Once in a while on Monday, TMINE will review the select few movies it’s had time to watch when it’s not been watching TV. The film reviews A-Z lists every film ever reviewed here
The Marvel Cinematic Universe is a varied one. It has the James Bond-style adventures of an African King in Black Panther, the West Coast techno-adventures of Iron Man, the outer space comedy of Guardians of the Galaxy and the magical, reality-warping drama of Doctor Strange. Even within individual franchises, there’s diversity. Captain America was a Rocketeer-styled World War 2 period drama, for example, while Captain America 2 was more of a gritty Parallax View piece of spying.
So you never know what you’re going to get with any given Marvel movie. Thor began as a romance, in which geeky scientist Natalie Portman discovers that the buff bloke she met on a New Mexico road is really Thor, the Norse god of Thunder, exiled from Asgard and looking for redemption, if only his mischievous brother Loki will let him return home.
Thor 2: Dark World was a little bit funnier, but a little bit more of the same, as Thor helps protect the Earth from some Dark Elves who are after Portman. No one really liked it, particularly since there’s literally no way to get the Northern Line from Charing Cross to Greenwich, certainly not in the middle of a battle.
Thor: Ragnarok
Now we have Thor: Ragnarok. Fans of Norse myth will of course know that Ragnarok is the prophesied end of the gods, when giant wolves, serpents and the like come to kill the gods, so expectations were naturally for something a bit sombre, particularly since the Marvel franchises come in packs of at most three movies (eg Iron Man, Captain America) so this was also set to be the last of the Thor movies. Then, of course, there’s Cate Blanchett playing Hella, the Norse goddess of Death. Again, a move that didn’t suggest laughs a minute.

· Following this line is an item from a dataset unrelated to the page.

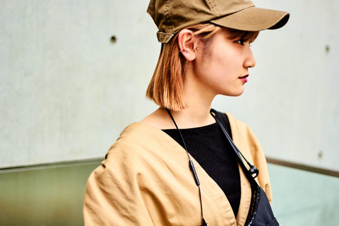 美容師のユキナさん(20歳)。トレンチコート×キャップでカジュアルに仕上げたのが本日のポイントとのこと。短めに斜め掛けしたウエストポーチも◎。

Certainly, watching Thor: Ragnarok, there is an underlying sadness to proceedings, when favourite character after favourite character from previous movies meets a quick and untimely death. But in the hands of director Taika Waititi (Eagle vs Shark, What We Do in the Shadows), it’s fair to say that Thor: Ragnarok is also the funniest Marvel movie to date. Seriously, it makes Guardians of the Galaxy look like a Ken Loach movie at times.
That’s despite Thor losing his mighty hammer Mjölnir, splitting up from Portman and landing up on a planet where he has to fight to the death for Jeff Goldblum against the Hulk (Mark Ruffalo).